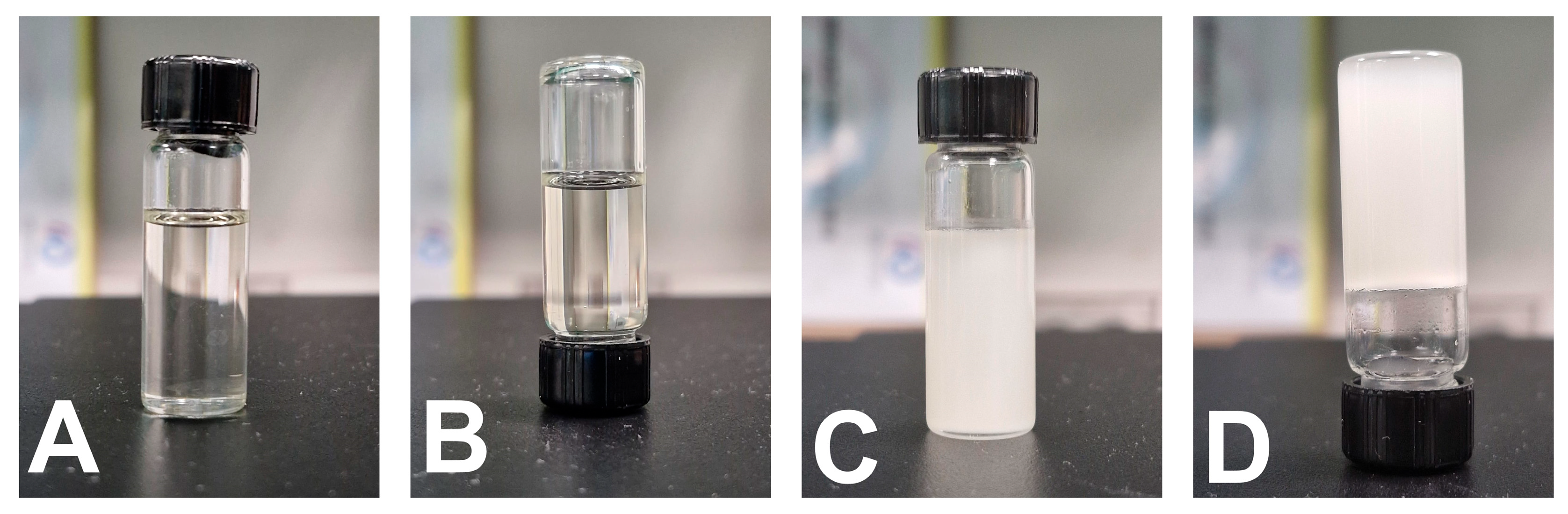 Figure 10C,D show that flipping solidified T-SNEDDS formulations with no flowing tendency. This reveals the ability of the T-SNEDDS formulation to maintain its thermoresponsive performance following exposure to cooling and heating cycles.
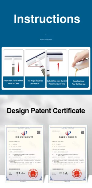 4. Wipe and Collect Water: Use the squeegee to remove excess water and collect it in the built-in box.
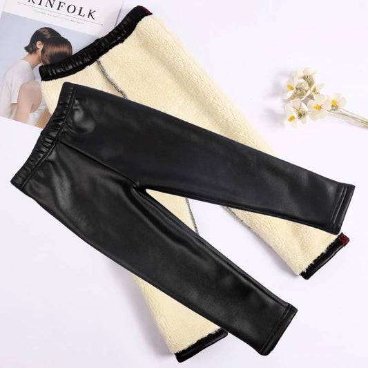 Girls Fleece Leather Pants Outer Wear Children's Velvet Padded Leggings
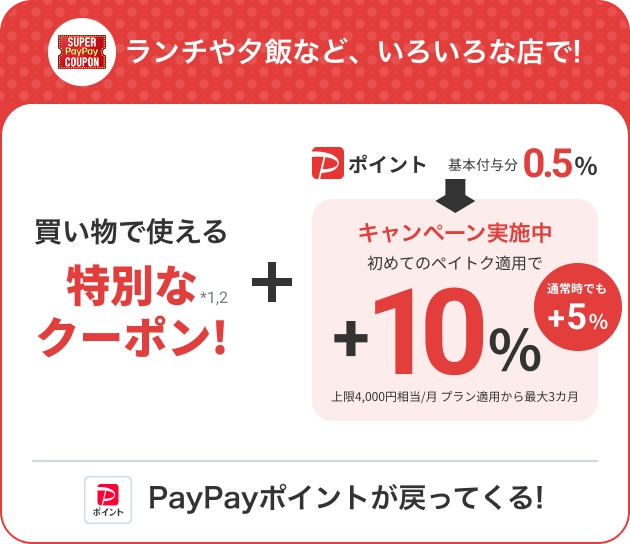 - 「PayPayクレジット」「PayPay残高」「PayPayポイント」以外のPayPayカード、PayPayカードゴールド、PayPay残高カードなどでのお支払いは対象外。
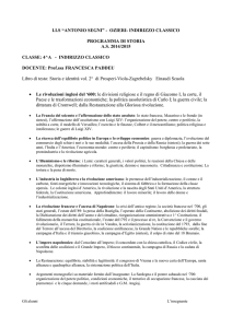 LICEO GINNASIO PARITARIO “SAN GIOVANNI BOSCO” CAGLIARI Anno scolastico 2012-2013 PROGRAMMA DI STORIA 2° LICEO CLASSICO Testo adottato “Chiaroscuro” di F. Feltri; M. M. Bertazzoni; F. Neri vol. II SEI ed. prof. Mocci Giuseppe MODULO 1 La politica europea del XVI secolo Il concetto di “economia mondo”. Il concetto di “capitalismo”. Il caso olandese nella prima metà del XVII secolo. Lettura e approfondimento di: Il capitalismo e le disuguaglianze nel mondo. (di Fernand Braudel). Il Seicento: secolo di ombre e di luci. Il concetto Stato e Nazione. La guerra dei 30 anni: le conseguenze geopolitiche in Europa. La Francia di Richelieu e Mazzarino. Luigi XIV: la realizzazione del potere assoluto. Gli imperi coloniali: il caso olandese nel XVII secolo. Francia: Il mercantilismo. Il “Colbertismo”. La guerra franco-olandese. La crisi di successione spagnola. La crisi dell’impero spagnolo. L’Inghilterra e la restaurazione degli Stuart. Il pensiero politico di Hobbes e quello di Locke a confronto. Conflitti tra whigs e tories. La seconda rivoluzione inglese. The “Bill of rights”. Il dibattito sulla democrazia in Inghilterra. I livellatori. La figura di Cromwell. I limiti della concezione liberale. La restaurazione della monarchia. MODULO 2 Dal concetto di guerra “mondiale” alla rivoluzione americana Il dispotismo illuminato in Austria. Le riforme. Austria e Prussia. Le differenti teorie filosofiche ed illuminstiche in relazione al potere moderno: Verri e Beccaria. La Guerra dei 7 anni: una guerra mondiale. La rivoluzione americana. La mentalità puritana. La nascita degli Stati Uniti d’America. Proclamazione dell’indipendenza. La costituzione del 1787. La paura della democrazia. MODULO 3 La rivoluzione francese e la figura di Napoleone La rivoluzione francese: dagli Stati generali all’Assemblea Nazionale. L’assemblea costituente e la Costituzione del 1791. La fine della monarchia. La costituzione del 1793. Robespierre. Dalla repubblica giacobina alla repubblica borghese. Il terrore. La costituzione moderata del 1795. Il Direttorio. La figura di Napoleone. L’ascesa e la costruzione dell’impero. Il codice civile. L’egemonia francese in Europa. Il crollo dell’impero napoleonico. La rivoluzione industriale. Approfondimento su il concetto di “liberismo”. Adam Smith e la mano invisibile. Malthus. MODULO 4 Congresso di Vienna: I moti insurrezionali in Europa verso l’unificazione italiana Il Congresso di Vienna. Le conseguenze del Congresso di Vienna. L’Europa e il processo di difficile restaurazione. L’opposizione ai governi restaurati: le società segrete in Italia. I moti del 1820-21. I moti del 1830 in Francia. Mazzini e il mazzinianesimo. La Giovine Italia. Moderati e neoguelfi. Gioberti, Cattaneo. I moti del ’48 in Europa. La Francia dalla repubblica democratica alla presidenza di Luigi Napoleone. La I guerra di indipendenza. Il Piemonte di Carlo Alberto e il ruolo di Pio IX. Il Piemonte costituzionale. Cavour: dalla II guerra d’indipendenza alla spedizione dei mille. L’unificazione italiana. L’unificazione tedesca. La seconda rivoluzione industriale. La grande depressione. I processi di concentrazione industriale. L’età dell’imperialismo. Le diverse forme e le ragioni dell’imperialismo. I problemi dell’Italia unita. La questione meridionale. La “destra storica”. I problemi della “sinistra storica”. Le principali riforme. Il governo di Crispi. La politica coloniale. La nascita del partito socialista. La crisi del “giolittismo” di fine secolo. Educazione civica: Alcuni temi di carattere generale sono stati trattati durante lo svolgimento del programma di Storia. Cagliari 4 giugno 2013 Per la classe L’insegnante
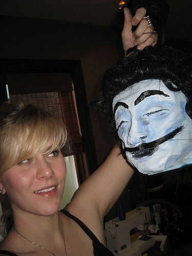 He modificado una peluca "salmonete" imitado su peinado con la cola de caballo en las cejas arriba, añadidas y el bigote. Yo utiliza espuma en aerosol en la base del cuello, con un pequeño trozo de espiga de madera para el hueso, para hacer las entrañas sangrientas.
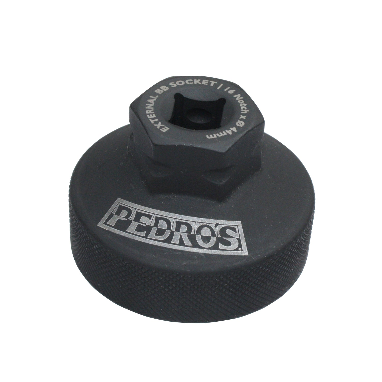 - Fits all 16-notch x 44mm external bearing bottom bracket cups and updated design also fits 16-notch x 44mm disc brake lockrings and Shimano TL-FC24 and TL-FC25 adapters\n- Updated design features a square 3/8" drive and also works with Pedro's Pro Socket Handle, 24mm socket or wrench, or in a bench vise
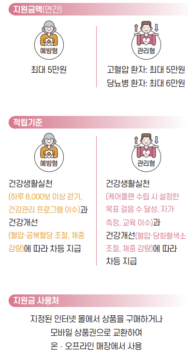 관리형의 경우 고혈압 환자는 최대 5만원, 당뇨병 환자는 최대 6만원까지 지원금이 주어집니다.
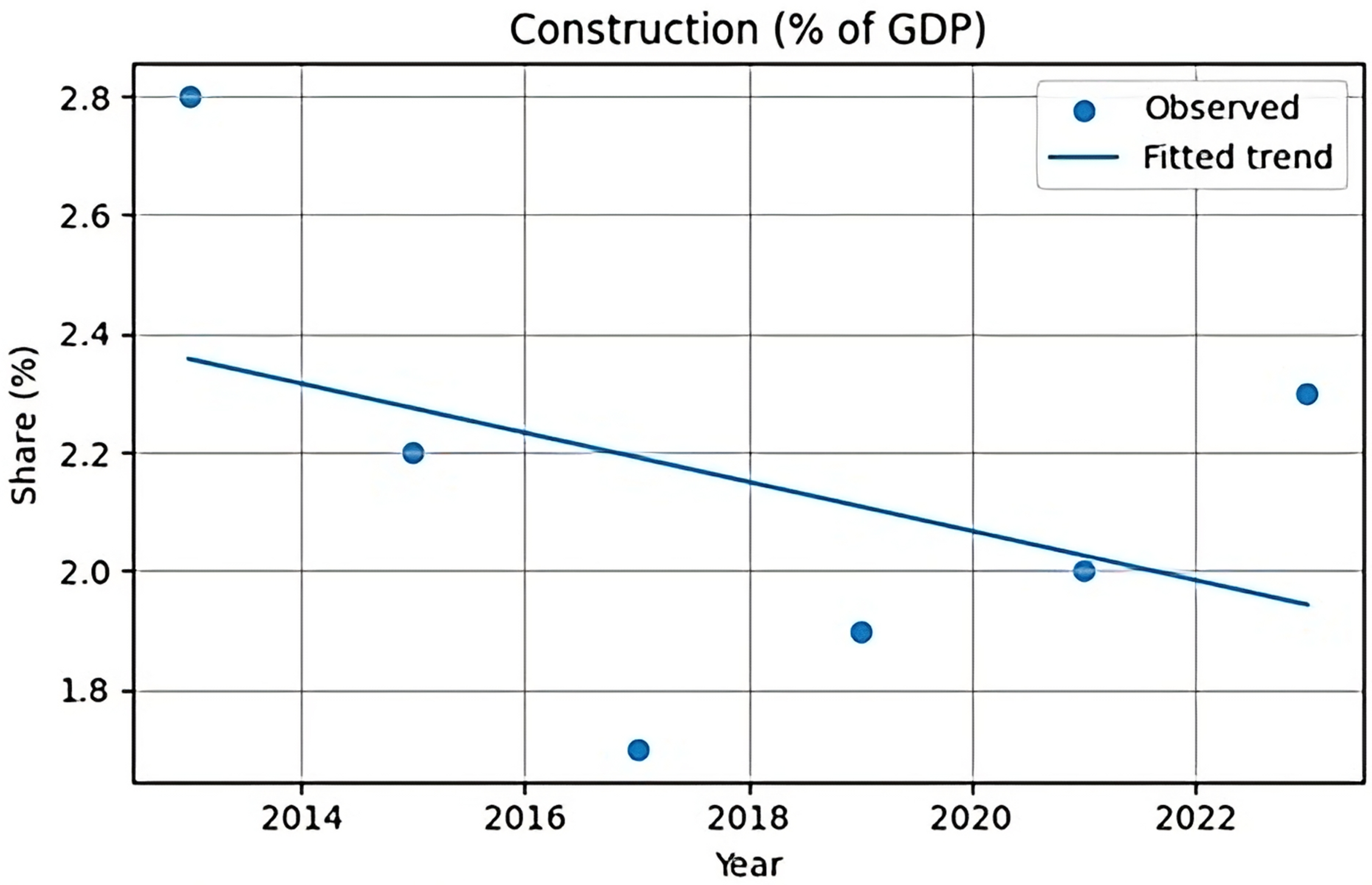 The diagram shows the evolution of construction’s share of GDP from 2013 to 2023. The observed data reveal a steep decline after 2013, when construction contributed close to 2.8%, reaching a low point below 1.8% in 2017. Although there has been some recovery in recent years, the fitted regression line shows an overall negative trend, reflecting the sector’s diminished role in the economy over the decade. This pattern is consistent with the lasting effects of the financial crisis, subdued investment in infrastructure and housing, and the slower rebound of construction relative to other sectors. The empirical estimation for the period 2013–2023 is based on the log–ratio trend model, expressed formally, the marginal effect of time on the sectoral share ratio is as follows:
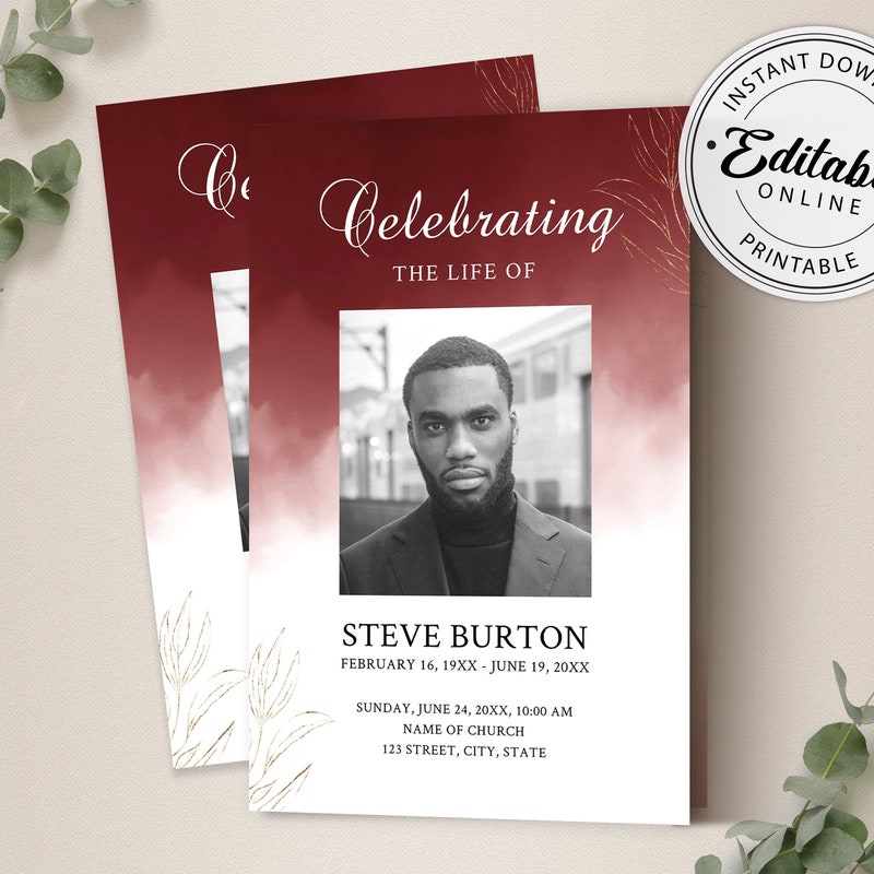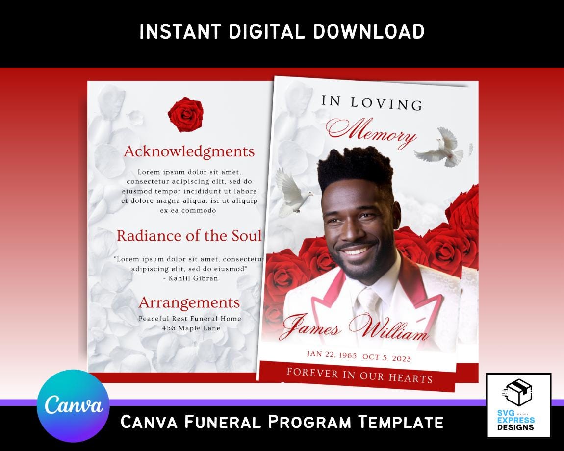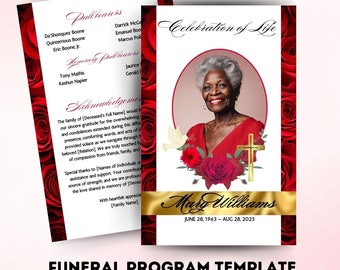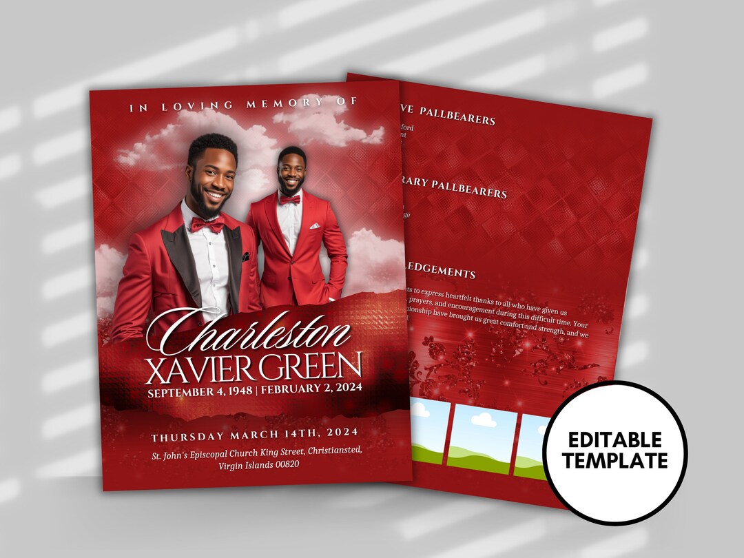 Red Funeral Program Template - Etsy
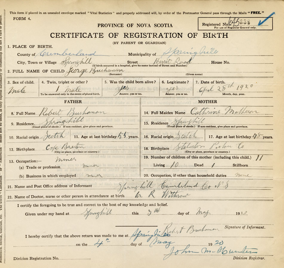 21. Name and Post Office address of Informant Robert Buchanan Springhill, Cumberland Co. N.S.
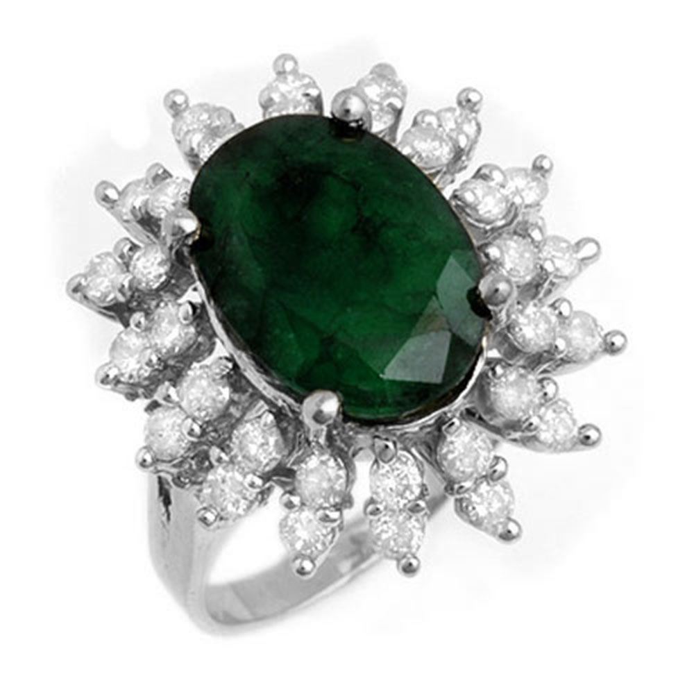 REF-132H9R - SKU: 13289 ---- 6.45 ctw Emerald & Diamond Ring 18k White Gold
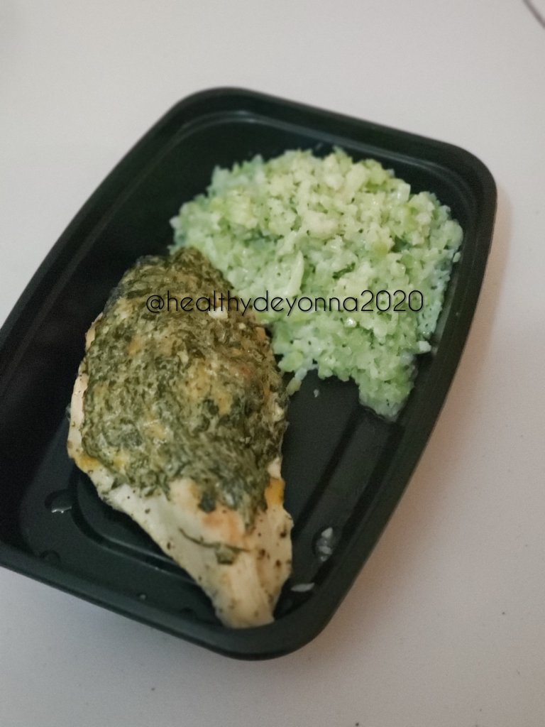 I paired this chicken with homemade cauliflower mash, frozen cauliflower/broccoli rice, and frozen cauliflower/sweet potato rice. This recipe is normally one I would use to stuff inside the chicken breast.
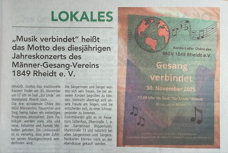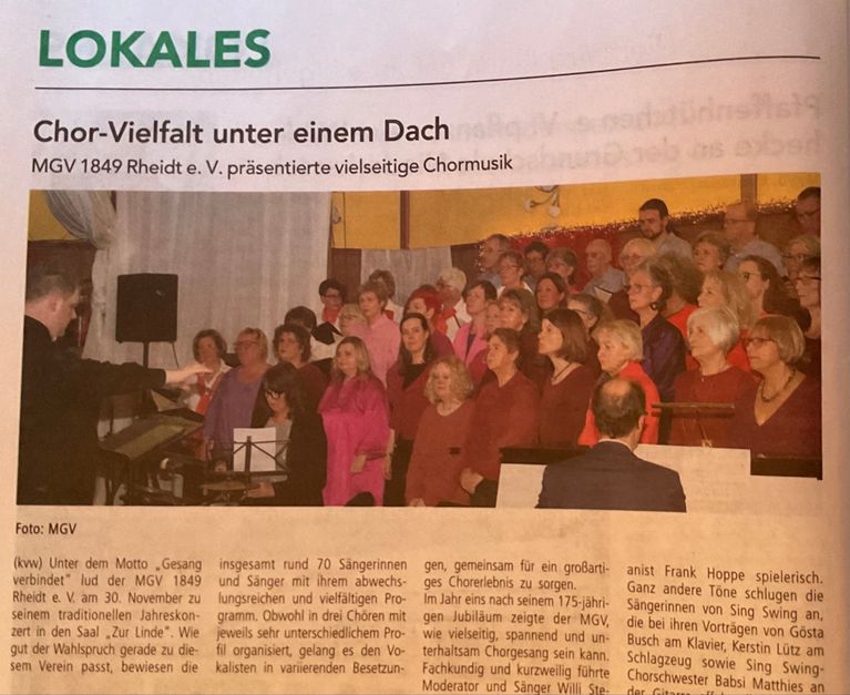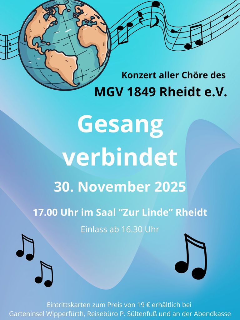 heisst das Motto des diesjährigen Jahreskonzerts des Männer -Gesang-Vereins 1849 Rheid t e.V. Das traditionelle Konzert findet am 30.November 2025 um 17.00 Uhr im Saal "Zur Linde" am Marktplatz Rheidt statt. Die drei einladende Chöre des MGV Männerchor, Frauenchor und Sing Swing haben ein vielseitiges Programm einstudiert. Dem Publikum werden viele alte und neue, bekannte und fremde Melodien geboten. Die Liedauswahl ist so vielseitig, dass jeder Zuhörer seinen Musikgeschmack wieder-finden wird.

| Exercise aim |
Only the pictures are to be left out; write out all the other data exactly.

| Response to this exercise |
 Figure 10C,D show that flipping solidified T-SNEDDS formulations with no flowing tendency. This reveals the ability of the T-SNEDDS formulation to maintain its thermoresponsive performance following exposure to cooling and heating cycles.
 4. Wipe and Collect Water: Use the squeegee to remove excess water and collect it in the built-in box.
 Girls Fleece Leather Pants Outer Wear Children's Velvet Padded Leggings
 - 「PayPayクレジット」「PayPay残高」「PayPayポイント」以外のPayPayカード、PayPayカードゴールド、PayPay残高カードなどでのお支払いは対象外。
 LICEO GINNASIO PARITARIO “SAN GIOVANNI BOSCO” CAGLIARI Anno scolastico 2012-2013 PROGRAMMA DI STORIA 2° LICEO CLASSICO Testo adottato “Chiaroscuro” di F. Feltri; M. M. Bertazzoni; F. Neri vol. II SEI ed. prof. Mocci Giuseppe MODULO 1 La politica europea del XVI secolo Il concetto di “economia mondo”. Il concetto di “capitalismo”. Il caso olandese nella prima metà del XVII secolo. Lettura e approfondimento di: Il capitalismo e le disuguaglianze nel mondo. (di Fernand Braudel). Il Seicento: secolo di ombre e di luci. Il concetto Stato e Nazione. La guerra dei 30 anni: le conseguenze geopolitiche in Europa. La Francia di Richelieu e Mazzarino. Luigi XIV: la realizzazione del potere assoluto. Gli imperi coloniali: il caso olandese nel XVII secolo. Francia: Il mercantilismo. Il “Colbertismo”. La guerra franco-olandese. La crisi di successione spagnola. La crisi dell’impero spagnolo. L’Inghilterra e la restaurazione degli Stuart. Il pensiero politico di Hobbes e quello di Locke a confronto. Conflitti tra whigs e tories. La seconda rivoluzione inglese. The “Bill of rights”. Il dibattito sulla democrazia in Inghilterra. I livellatori. La figura di Cromwell. I limiti della concezione liberale. La restaurazione della monarchia. MODULO 2 Dal concetto di guerra “mondiale” alla rivoluzione americana Il dispotismo illuminato in Austria. Le riforme. Austria e Prussia. Le differenti teorie filosofiche ed illuminstiche in relazione al potere moderno: Verri e Beccaria. La Guerra dei 7 anni: una guerra mondiale. La rivoluzione americana. La mentalità puritana. La nascita degli Stati Uniti d’America. Proclamazione dell’indipendenza. La costituzione del 1787. La paura della democrazia. MODULO 3 La rivoluzione francese e la figura di Napoleone La rivoluzione francese: dagli Stati generali all’Assemblea Nazionale. L’assemblea costituente e la Costituzione del 1791. La fine della monarchia. La costituzione del 1793. Robespierre. Dalla repubblica giacobina alla repubblica borghese. Il terrore. La costituzione moderata del 1795. Il Direttorio. La figura di Napoleone. L’ascesa e la costruzione dell’impero. Il codice civile. L’egemonia francese in Europa. Il crollo dell’impero napoleonico. La rivoluzione industriale. Approfondimento su il concetto di “liberismo”. Adam Smith e la mano invisibile. Malthus. MODULO 4 Congresso di Vienna: I moti insurrezionali in Europa verso l’unificazione italiana Il Congresso di Vienna. Le conseguenze del Congresso di Vienna. L’Europa e il processo di difficile restaurazione. L’opposizione ai governi restaurati: le società segrete in Italia. I moti del 1820-21. I moti del 1830 in Francia. Mazzini e il mazzinianesimo. La Giovine Italia. Moderati e neoguelfi. Gioberti, Cattaneo. I moti del ’48 in Europa. La Francia dalla repubblica democratica alla presidenza di Luigi Napoleone. La I guerra di indipendenza. Il Piemonte di Carlo Alberto e il ruolo di Pio IX. Il Piemonte costituzionale. Cavour: dalla II guerra d’indipendenza alla spedizione dei mille. L’unificazione italiana. L’unificazione tedesca. La seconda rivoluzione industriale. La grande depressione. I processi di concentrazione industriale. L’età dell’imperialismo. Le diverse forme e le ragioni dell’imperialismo. I problemi dell’Italia unita. La questione meridionale. La “destra storica”. I problemi della “sinistra storica”. Le principali riforme. Il governo di Crispi. La politica coloniale. La nascita del partito socialista. La crisi del “giolittismo” di fine secolo. Educazione civica: Alcuni temi di carattere generale sono stati trattati durante lo svolgimento del programma di Storia. Cagliari 4 giugno 2013 Per la classe L’insegnante
 He modificado una peluca "salmonete" imitado su peinado con la cola de caballo en las cejas arriba, añadidas y el bigote. Yo utiliza espuma en aerosol en la base del cuello, con un pequeño trozo de espiga de madera para el hueso, para hacer las entrañas sangrientas.
 - Fits all 16-notch x 44mm external bearing bottom bracket cups and updated design also fits 16-notch x 44mm disc brake lockrings and Shimano TL-FC24 and TL-FC25 adapters\n- Updated design features a square 3/8" drive and also works with Pedro's Pro Socket Handle, 24mm socket or wrench, or in a bench vise
 관리형의 경우 고혈압 환자는 최대 5만원, 당뇨병 환자는 최대 6만원까지 지원금이 주어집니다.
 The diagram shows the evolution of construction’s share of GDP from 2013 to 2023. The observed data reveal a steep decline after 2013, when construction contributed close to 2.8%, reaching a low point below 1.8% in 2017. Although there has been some recovery in recent years, the fitted regression line shows an overall negative trend, reflecting the sector’s diminished role in the economy over the decade. This pattern is consistent with the lasting effects of the financial crisis, subdued investment in infrastructure and housing, and the slower rebound of construction relative to other sectors. The empirical estimation for the period 2013–2023 is based on the log–ratio trend model, expressed formally, the marginal effect of time on the sectoral share ratio is as follows:
 Red Funeral Program Template - Etsy
 21. Name and Post Office address of Informant Robert Buchanan Springhill, Cumberland Co. N.S.
 REF-132H9R - SKU: 13289 ---- 6.45 ctw Emerald & Diamond Ring 18k White Gold
 I paired this chicken with homemade cauliflower mash, frozen cauliflower/broccoli rice, and frozen cauliflower/sweet potato rice. This recipe is normally one I would use to stuff inside the chicken breast.
 heisst das Motto des diesjährigen Jahreskonzerts des Männer -Gesang-Vereins 1849 Rheid t e.V. Das traditionelle Konzert findet am 30.November 2025 um 17.00 Uhr im Saal "Zur Linde" am Marktplatz Rheidt statt. Die drei einladende Chöre des MGV Männerchor, Frauenchor und Sing Swing haben ein vielseitiges Programm einstudiert. Dem Publikum werden viele alte und neue, bekannte und fremde Melodien geboten. Die Liedauswahl ist so vielseitig, dass jeder Zuhörer seinen Musikgeschmack wieder-finden wird.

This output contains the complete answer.